A virtual CFO is a remote, contracted individual who manages the big-picture, long-term financial functions of a business. 

What makes it “virtual” is the remote element, as well as the fact that he or she will work with you part-time. A virtual CFO typically provides services to one or more clients, whether through a financial services agency or as a freelancer. 

Virtual CFOs generally provide services including: 

  • Strategic goal management
  • Debt management
  • Cash flow management
  • Budget creation and management
  • Tax planning 
  • Tax reduction
  • Financial reporting and evaluation
  • Contingency planning
  • Salary and benefits analysis
  • Recruitment and vetting of lower-level financial hires
  • Due diligence

Virtual CFOs can be a great option for small businesses that can’t or don’t want to take on the expense of a full-time, executive hire. With a virtual CFO, you can set a specific number of hours or pay a flat fee per month (depending on the person or agency you choose), staying within your budget and gaining access to financial guidance that you wouldn’t otherwise be able to. 

What is a controller? 

Controllers, like virtual CFOs, handle a wide range of financial duties—but they’re primarily concerned with the day-to-day accounting functions of the business, rather than long-term goal setting and guidance.  

In a company with an accounting department, the controller is responsible for leading the department and managing the rest of the accounting staff. If the controller is the only member of the financial staff or the accounting department, then he or she would take on somewhat of an advisory financial role, in addition to his or her other duties. 

This is especially true when the CEO is essentially taking on the CFO role in addition to their role as founder and chief executive. 

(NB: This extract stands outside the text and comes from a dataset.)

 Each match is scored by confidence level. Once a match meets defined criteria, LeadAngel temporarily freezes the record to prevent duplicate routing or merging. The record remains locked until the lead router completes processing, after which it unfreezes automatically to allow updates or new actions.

Some of the services a controller could provide include: 

  • Developing financial processes and policies
  • Preparing and managing budgets 
  • Managing daily bookkeeping, or a bookkeeping staff
  • Approving expenses
  • Signing checks
  • Managing invoices and expenses
  • Generating financial reports
  • Analyzing and interpreting financial reports
  • Obtaining and managing insurance
  • Financial risk management
  • Working with HR to manage staff benefits
  • Cash flow management
  • Debt management
  • Debt collection

As you can see, there is some overlap between the job functions of a CFO and controller. 

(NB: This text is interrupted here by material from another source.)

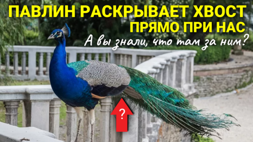 Павлин раскрывает хвост в нашем присутствии и даже разворачивается задом!

In essence, a controller is a right-hand assistant to a CFO or the CEO for all financial matters. 

Are there virtual controllers? 

It is possible to outsource financial functions to a virtual controller, who will work remotely on a part-time basis as a virtual CFO. 

He or she would provide many of the same functions of a full-time controller.

How do I know if I should hire a controller or a virtual CFO? 

When it comes to building out your finance department and choosing between a virtual CFO and a controller, there are a few things to consider.

First, there’s the cost. If you are prepared to pay a full-time salary with benefits, then a controller could be a good choice. You’d have the benefit of a full-time employee running your financial department, freeing you up to focus on the rest of the business. 

What’s more, controllers handle many of the administrative, detail-oriented, and daily financial tasks that can take away time from functions like strategic planning. 

On the other hand, a virtual CFO could be the right fit for your business if you need hands-on financial guidance to get you through a growth stage, or to help you scale the company. Instead of paying the significant expense of a full-time CFO, you can pay for the services and time you need, without worrying about benefits or a salary. 

Controllers and virtual CFOs both serve important roles in small businesses. Choosing the right one for your company will mean looking at your needs, your budget, and where you want your business to be in the next few years.